Stars: Dick Durock, Adrienne Barbeau, Louis Jordan
Other Stars: Ray Wise, Reggie Batts, David Hess, Nannette Brown, Ben Bates, Al Ruban, Nicholas Worth, Don Knight
Director: Wes Craven

MPAA Rating: PG for (mild violence)
Run Time: 01h:31m:00s
Release Date: 2005-08-23
Genre: sci-fi

Style
Grade
Substance
Grade
Image Transfer
Grade
Audio Transfer
Grade
Extras
Grade
B+ BB-B- D-

 

DVD Review

In 1982, coming down off of the demented dark turns of The Hills Have Eyes and The Last House on the Left—and still a couple of years before the franchise magic of A Nightmare on Elm Street—director Wes Craven dabbled in adapting a comic book into a feature film, something that has become quite a popular commodity these days. The Swamp Thing comic, from the talented duo of Len Wein and Bernie Wrightson, was something of a cult title, hardly mainstream but full of beautifully dark artistic weirdness (a Wrightson trademark), held together by a bizarrely transformed swamp-dwelling hero.

For comic purists, Craven's broad approach to the material lacks some of the surreal Wrightson visual magic, and the overall mood is more live-action cartoon and less brooding Gothic thriller, which is what made the books so unusual and appealing. But if you put the comparisons to the comic aside—and it is difficult to just cast the Wrightson factor aside casually—Craven's version had the advantage of being an HBO regular for a while back in the mid-1980s, earning it the same kind of repeated, unavoidable viewing that propelled it into the stratosphere of cult titles, much like what happened to Don Coscarelli's equally low-rent Beastmaster.
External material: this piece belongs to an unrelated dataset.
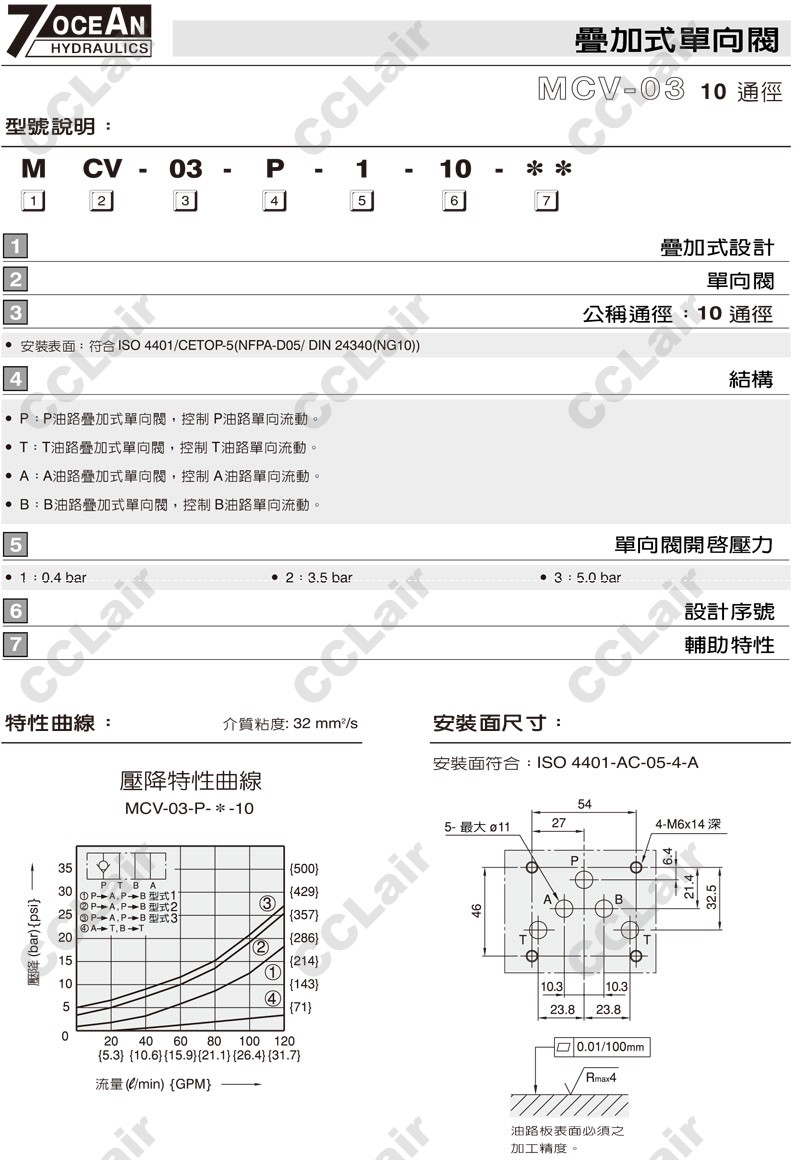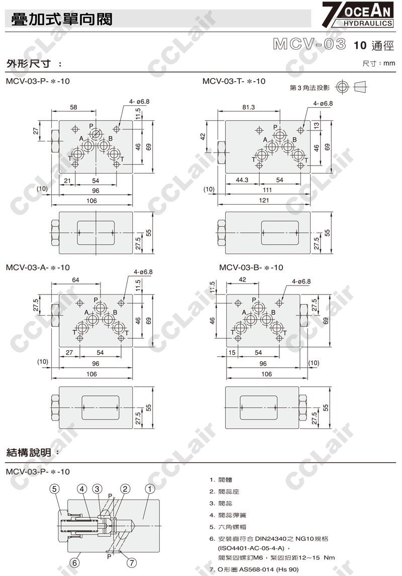 MCV-03-P,MCV-03-T,MCV-03-A,MCV-03-B,MCV-03-B-2-10,MCV-03-P-1-10,7OCEAN七洋疊加式單向閥

The story is modified a bit from the comic, but the essentials remain the same, with dedicated scientist Dr. Alec Holland (Ray Wise) getting transformed into the Everglades-dwelling half-human/half-plant hero known as Swamp Thing (played by Dick Durock) after having a dose of his secret formula poured on him by vile villain Arcane (the dapper Louis Jordan).

For this nudity-free version of Craven's film (you'll need the OOP version for those brief bits), the suave and evil Arcane is a scientist (not a magician as he was in the comic), but he's a moustache-twirling baddie, if he had a moustache, that is, with an army of henchman and a real handle on general nastiness. Adrienne Barbeau is Cable, a tight-shirted government agent who spends most of her time running through the swamp, avoiding Arcane and teaming up with a scene-stealing youngster (Reggie Bates) to help Swampie do battle and make everything right with the Everglades. This generally involves throwing soldiers through the air in slow motion and fighting one of the goofiest-looking monsters I've seen since The Attack of the Killer Shrews.

This isn't Craven's most polished work, and the low-budget campiness factor is extremely high, appearing more often than not like a near parody than an actual dark comic homage. The Swamp Thing costume goes back and forth, sometimes looking effective—and almost evoking a Wrightson feel—and then suddenly looking like a poorly fitted green suit.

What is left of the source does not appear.